# My Smoker plans.  See any issues?



## smokinnoob (Jan 3, 2012)

this is my plans for my grill with attached smoke house.  All will be propane powered.  The whole thing is designed around my current gas grill.  The smoke chamber is 6 ft tall and 20 in x 20 in square internal dimensions.  I figure with the amount of smoking I do now and will do that this is plenty of space.  Any thoughts on BTU's necessary for the smoke burner.  Venting is located on the sides one 
	

		
			
		

		
	








low left side and one high right side.


----------



## daveomak (Jan 3, 2012)

Smokinnoob, evening..... Is the smoker made from brick ????  If so, there is the problem of thermal mass.... It creates 3 problems.... First, the time it takes to heat the brick to an operating temp desired....  Second, the time it takes to ramp up the temp to complete the smoke at the desired final temp.... Third, using brick and it being cold, moisture will collect in the form of condensation which will come from combustion.... especially when using propane... Propane produces approximately 1# of water for each pound of propane burned (if memory serves me correctly)...
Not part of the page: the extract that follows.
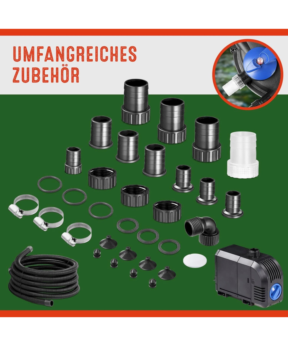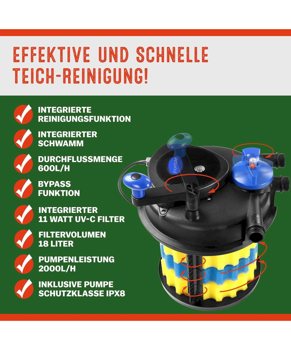 e filtre à pression pour bassin avec pompe assure un équilibre biologique et stable dans le bassin et améliore la qualité de l'eau. Cet effet est obtenu grâce à une combinaison d'éponges filtrantes et de technologie UV-C. L'eau du bassin traverse un module qui lui est exposé au rayonnement UV-C. Les structures tertiaires et quaternaires des protéines d'algues sont donc modifiées. Les algues s'agglutinent pour former des particules plus grosses et peuvent facilement être retirées du cycle d'eau en utilisant une filtration mécanique du bassin.

I built a smoker from construction block. 4x4x10' with a poured in place roof and insulated wooden door... It took 24 hours to preheat using wood.... what a mistake... well it was not really a mistake  because I learned from it.....   Dave  (Just my 2 cents)


----------



## smokinnoob (Jan 3, 2012)

Wow.  I never read anything about those issues from any of the research I did.  I looked at several brick builds and talked with a few masons about the project and no one ever said anything.  Looks like I may have to expand my research a little and start with those questions. 

Thanks Dave.


----------



## sprky (Jan 3, 2012)

Dave is 100% correct I also speak from experience. The smoker I built that was fire brick lined was a huge PIA to get preheated.  I had to fire it up a couple hours ahead. but once it was heated it held temp good. I could run out of gas and temp would hold till I got back with a new bottle. There were times I'd shut the burners off and let the retained heat finish the smoke.


----------



## SmokinAl (Jan 4, 2012)

The plans look awesome. I hope you get the details worked out. I'd sure love to have that in my backyard!


----------